WHAT THE TASK ASKS = Could you please output only the lines from the one holding "Ако търсите наистина" through the end of the listing below, exactly as written and without pictures?

SUPPLIED MATERIAL =
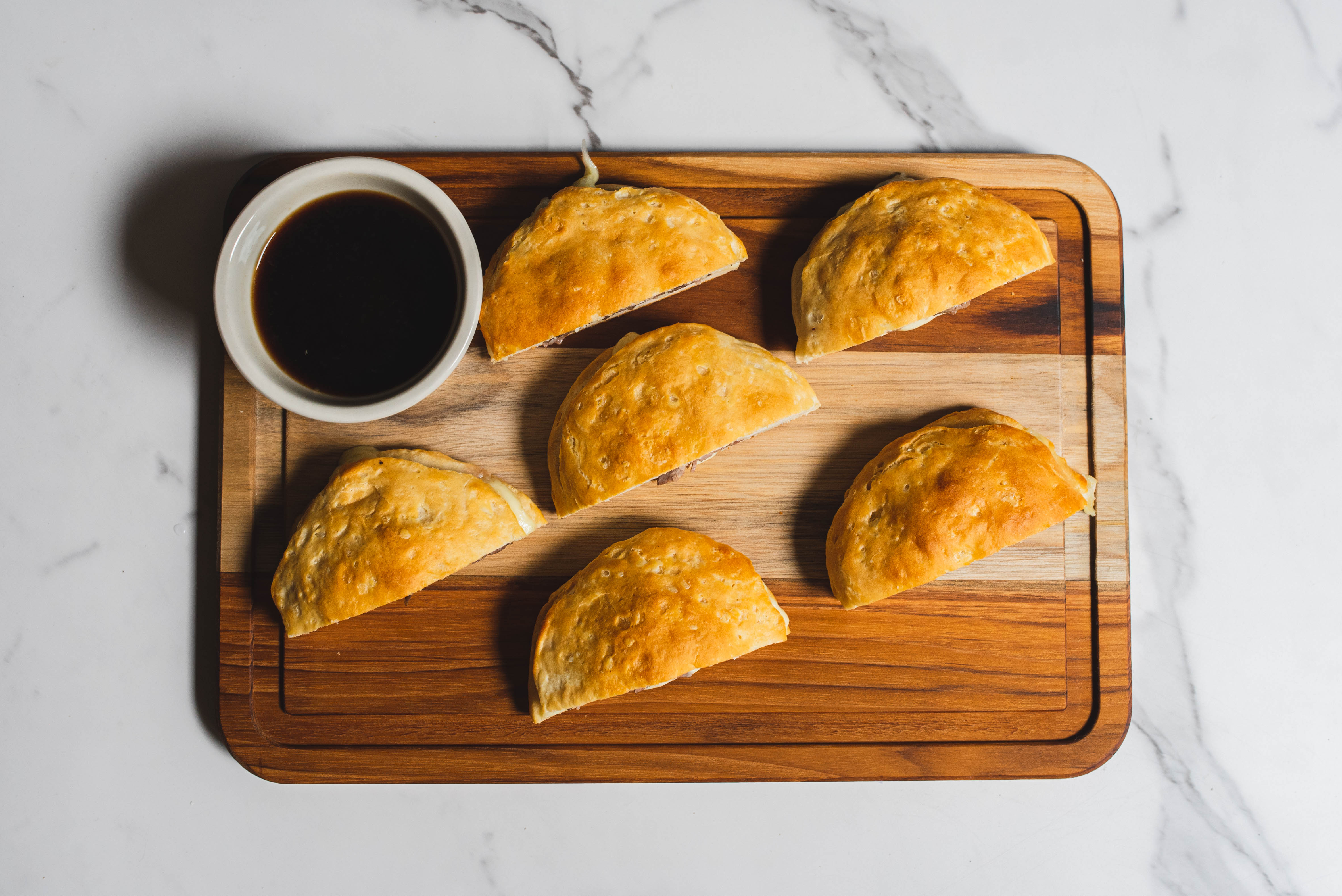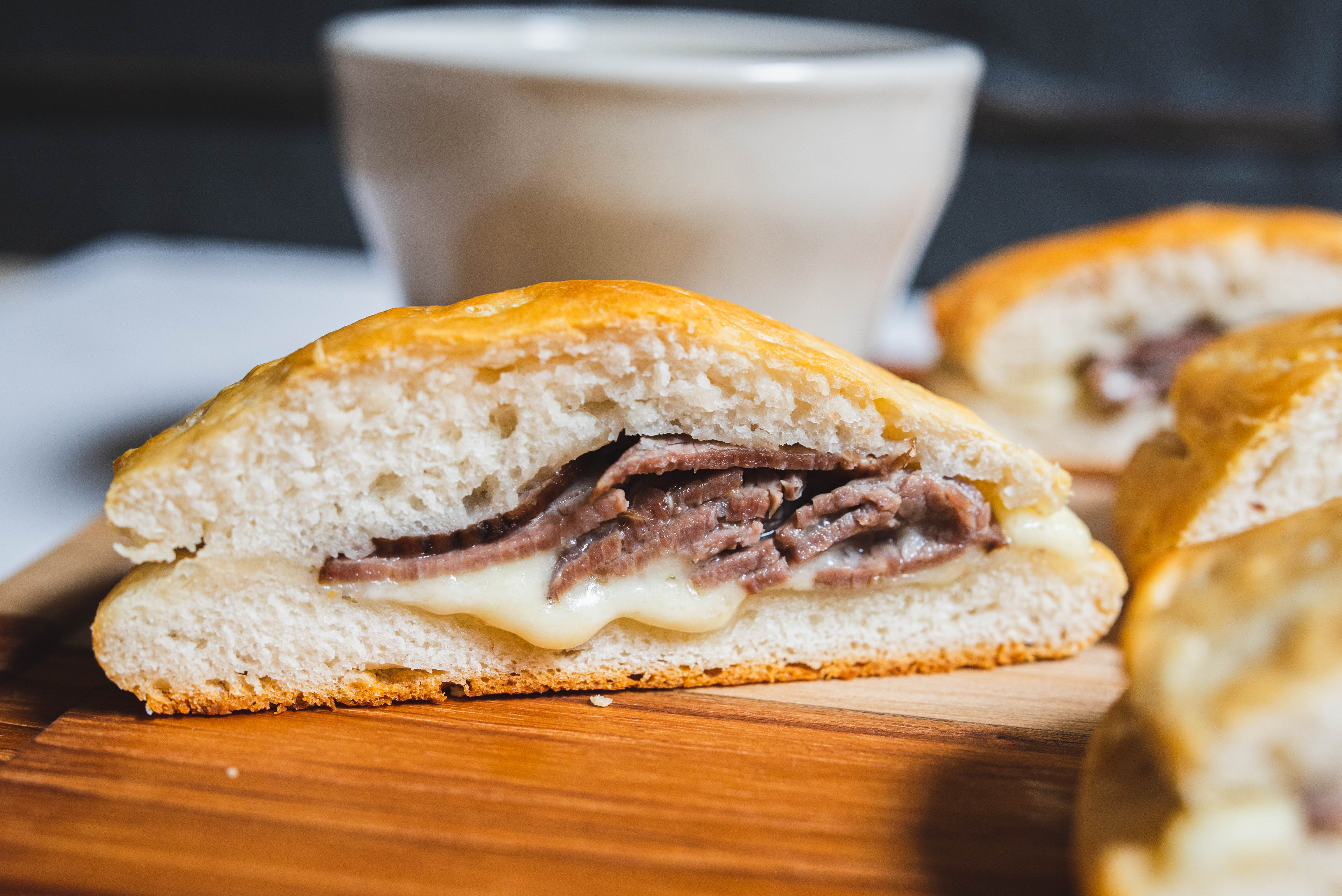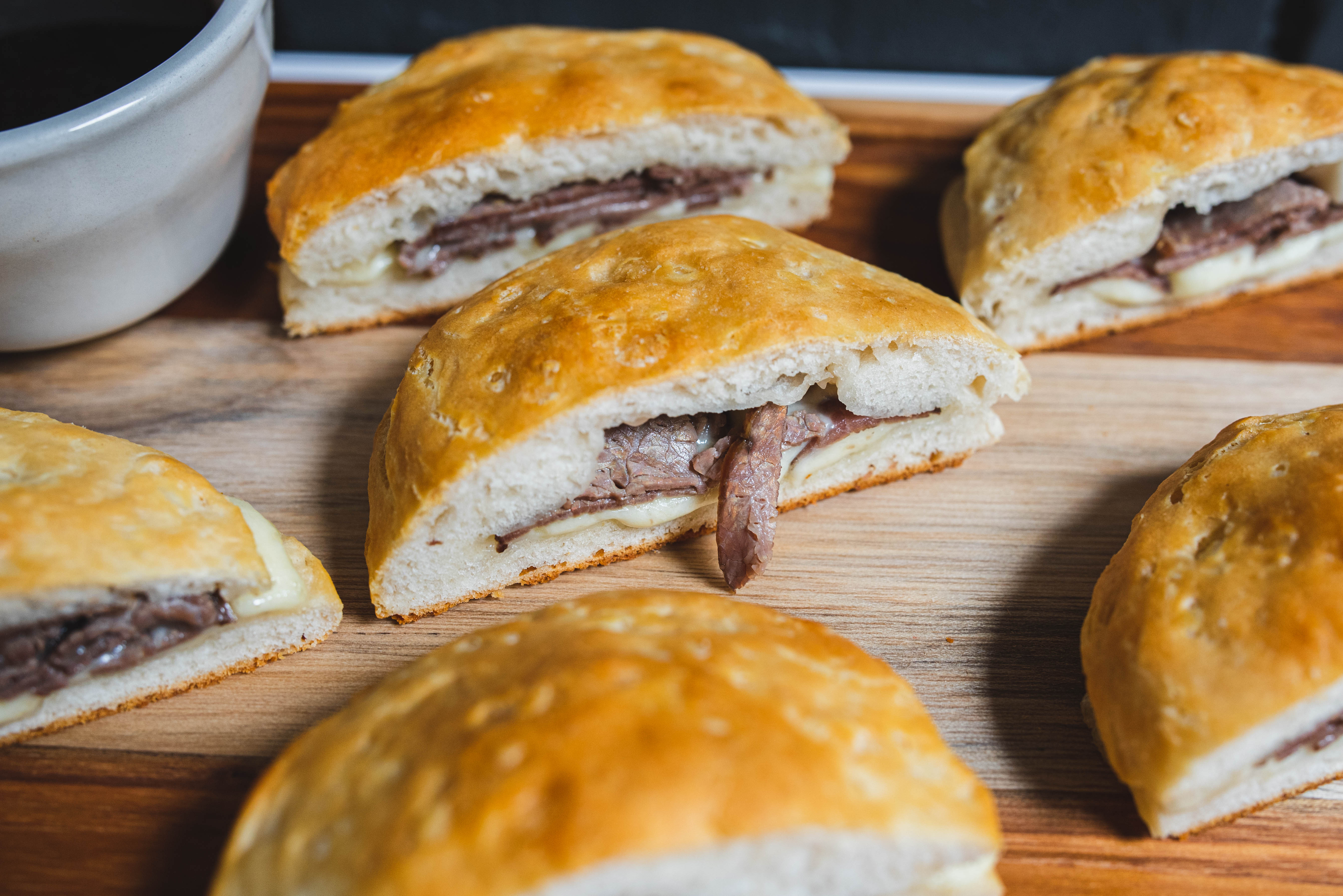 Well, this is just a great idea on its face! French Dip Biscuits! Buttery, flaky biscuits are stuffed with creamy, tangy, spicy horseradish, melty provolone cheese, and savory roast beef, and then baked to a golden-brown, so each one is a delicious, luxurious sandwich all on its own! Then, it's served with the traditional French dip accompaniment, beefy au jus gravy! French Dip Biscuits will make lunch feel like a breeze and a 5-star experience at the same time!
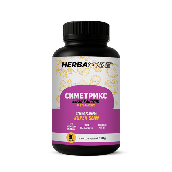 Ако търсите наистина ефективно, но и здравословно решение за борба с излишните килограми, имаме добри новини! СИМЕТРИКС Strong Formula SUPER SLIM от HERBACODE е разработен от екип експерти от Българската Академия на Науките – гаранция за качество и ефективност. Тази формула представлява нов стандарт в натуралното отслабване, като съчетава традиционни билкови компоненти с модерни научни постижения. Насърчава естественото разграждане на мастните натрупвания, особено в проблемните зони като корем, бедра и ханш. Всичко за продукта, вижте ТУК.
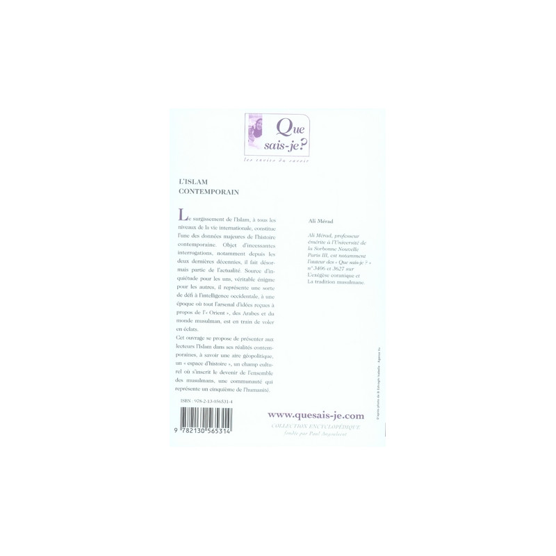 Le surgissement de l'Islam, à tous les niveaux de la vie internationale, constitue l'une des données majeures de l'histoire contemporaine. Objet d'incessantes interrogations, notamment depuis les deux dernières décennies, il fait désormais partie de l'actualité. Source d'inquiétude pour les uns, véritable énigme pour les autres, il représente une sorte de défi à l'intelligence occidentale, à une époque où tout l'arsenal d'idées reçues à propos de l' " Orient ", des Arabes et du monde musulman, est en train de voler en éclats. Cet ouvrage se propose de présenter aux lecteurs l'Islam dans ses réalités contemporaines, à savoir une aire géopolitique, un " espace d'histoire ", un champ culturel où s'inscrit le devenir de l'ensemble des musulmans, une communauté qui représente un cinquième de l'humanité.

RESULT OF THIS TASK =
 Ако търсите наистина ефективно, но и здравословно решение за борба с излишните килограми, имаме добри новини! СИМЕТРИКС Strong Formula SUPER SLIM от HERBACODE е разработен от екип експерти от Българската Академия на Науките – гаранция за качество и ефективност. Тази формула представлява нов стандарт в натуралното отслабване, като съчетава традиционни билкови компоненти с модерни научни постижения. Насърчава естественото разграждане на мастните натрупвания, особено в проблемните зони като корем, бедра и ханш. Всичко за продукта, вижте ТУК.
 Le surgissement de l'Islam, à tous les niveaux de la vie internationale, constitue l'une des données majeures de l'histoire contemporaine. Objet d'incessantes interrogations, notamment depuis les deux dernières décennies, il fait désormais partie de l'actualité. Source d'inquiétude pour les uns, véritable énigme pour les autres, il représente une sorte de défi à l'intelligence occidentale, à une époque où tout l'arsenal d'idées reçues à propos de l' " Orient ", des Arabes et du monde musulman, est en train de voler en éclats. Cet ouvrage se propose de présenter aux lecteurs l'Islam dans ses réalités contemporaines, à savoir une aire géopolitique, un " espace d'histoire ", un champ culturel où s'inscrit le devenir de l'ensemble des musulmans, une communauté qui représente un cinquième de l'humanité.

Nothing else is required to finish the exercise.